Beto O’Rourke interrupts news conference, tells Texas governor: ‘This is on you!’

UVALDE, Texas — Texas Gov. Greg Abbott was confronted by political rival and former U.S. Rep. Robert “Beto” O’Rourke at a Wednesday news briefing, where officials gave details about the mass shooting at a local elementary school in Uvalde. Three adults — including the gunman — and 19 students were killed.

O’Rourke, 49, a former congressman from El Paso, is running a long shot campaign against Abbott, 64, who is seeking a third term as governor after serving as Texas attorney general.

Abbott took the stage at the auditorium in Uvalde High School, surrounded by state and local Republican officials, including Sens. John Cornyn and Ted Cruz. He described how the 18-year-old shooter armed himself with an AR-15-style rifle, but said the problem wasn’t gun control.

“I asked the sheriff and others an open-ended question and got the same answer from the sheriff as well as from the mayor of Uvalde. The question was, what is the problem here? And they were straightforward and emphatic. They said, ‘We have a problem with mental health illness in this community,’” Abbott said, including, “the need for more mental health support in this region.”

Soon after, O’Rourke — seated in the audience — stood up and approached the stage, calling the shooting “totally predictable when you choose not to do anything.”

Uvalde Mayor Don McLaughlin shouted back: “Sir, you’re out of line!”

Cruz — who bested O’Rourke in his last Senate race — told him to sit down.

O’Rourke continued.

Republican Lt. Gov. Dan Patrick called O’Rourke “an embarrassment.”

O’Rourke pointed his finger at Abbott.

“This is on you until you choose to do something different. This will continue to happen. Somebody needs to stand up for the children of this state or they will continue to be killed just like they were killed in Uvalde yesterday,” O'Rourke said before leaving the building.

Abbott dismissed the interruption.

“There are family members who are crying as we speak, there are family members whose hearts are broken, there is no words that anybody shouting can come up here and do anything to heal those broken hearts,” he told the crowd. “ ... We need to focus not on ourselves and our agendas.”
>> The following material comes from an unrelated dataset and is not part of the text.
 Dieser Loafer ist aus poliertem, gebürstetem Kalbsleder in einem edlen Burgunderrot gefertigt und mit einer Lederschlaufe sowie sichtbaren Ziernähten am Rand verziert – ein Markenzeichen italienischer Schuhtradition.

O’Rourke disagreed and continued speaking outside in the school parking lot about the need for gun control, shouting and railing against AR-15-style rifles as he did after a mass shooting at a Wal-Mart in his native El Paso in 2016, the worst mass shooting targeting Latinos in U.S. history.
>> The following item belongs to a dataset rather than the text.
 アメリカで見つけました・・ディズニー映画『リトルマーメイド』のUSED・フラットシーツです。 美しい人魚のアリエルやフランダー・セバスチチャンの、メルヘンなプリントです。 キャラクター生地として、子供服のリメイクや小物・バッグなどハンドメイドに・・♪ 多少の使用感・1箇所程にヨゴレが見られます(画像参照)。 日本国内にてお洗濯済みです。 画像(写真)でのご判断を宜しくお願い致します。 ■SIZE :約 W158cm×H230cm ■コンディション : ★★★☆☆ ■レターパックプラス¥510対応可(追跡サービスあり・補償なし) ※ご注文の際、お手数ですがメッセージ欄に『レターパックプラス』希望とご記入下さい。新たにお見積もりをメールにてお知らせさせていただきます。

“The governor talks about mental health. It is insane that we allow an 18-year-old to go in and buy an AR-15: What the hell did we think he was going to do with that? This one is on us,” he said, speaking first in English, then Spanish. “Now is the time to stop the next shooting.”

O’Rourke cited other mass shootings in the state since El Paso: a church in the central Texas town of Sutherland Springs in 2017; Santa Fe High School outside Houston in 2018 and Midland-Odessa in 2019. He said he talked to victims’ parents in Uvalde, El Paso, Santa Fe and Midland-Odessa.
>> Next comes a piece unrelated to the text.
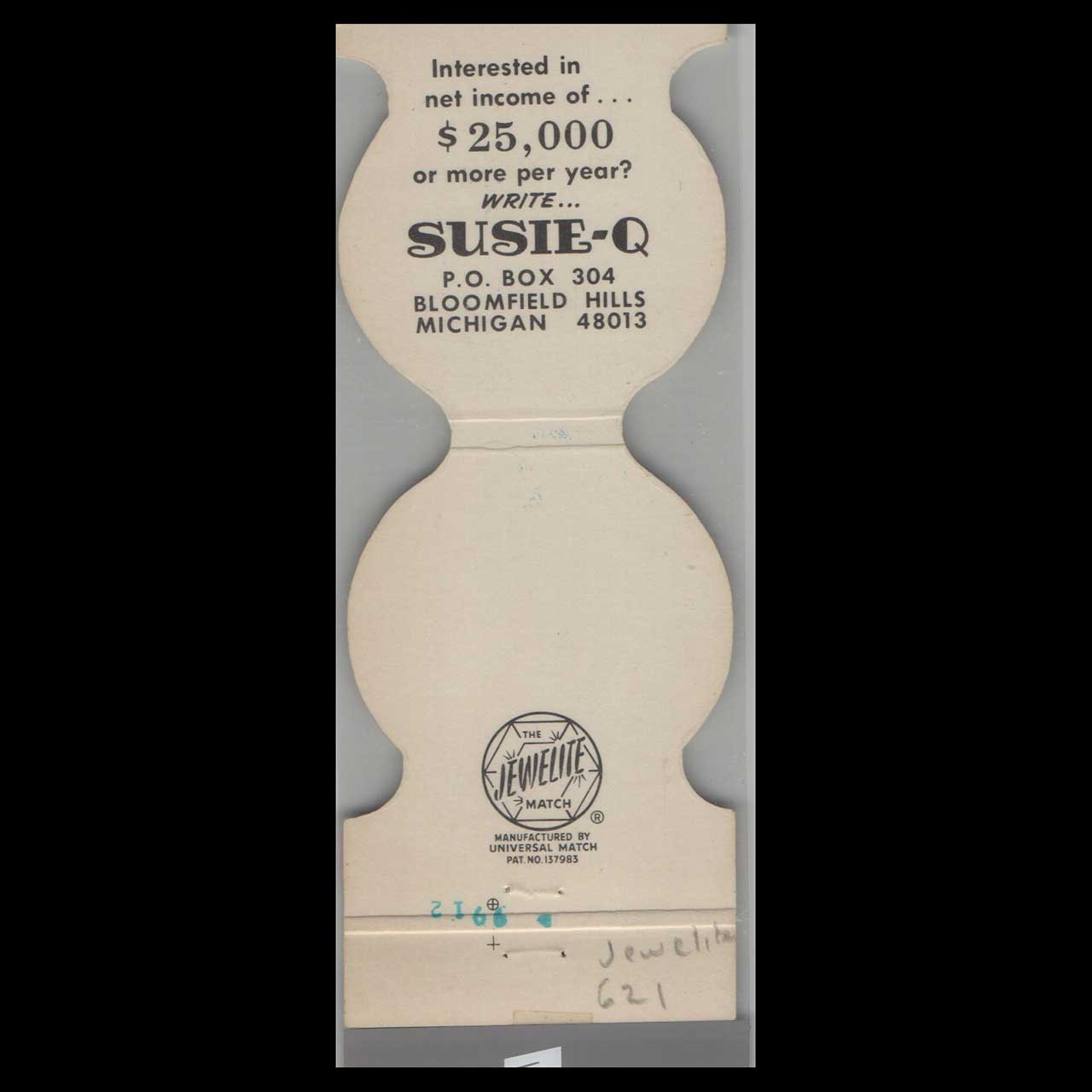 Susie-Q World’s Best Fish & Chips in Bloomfield Hills, MI, served iconic American seafood favorites with hometown charm. This vintage matchbook is a classic ephemera relic cherished by Americana collectors.

“We owe those parents action,” he said. “ ... You want a solution? Stop selling AR-15s in the state of Texas. You want a solution? Have universal background checks. We don’t have them. You want a solution? Red flag laws or extreme risk protection orders which stop a shooting before it happens. You want a solution? Safe (gun) storage laws.

“We could get that done if we had a governor who cared more about the people of Texas than he does his own political career or his fealty to the NRA,” he said, noting that Abbott is scheduled to speak at the annual NRA convention in Houston at the end of the week.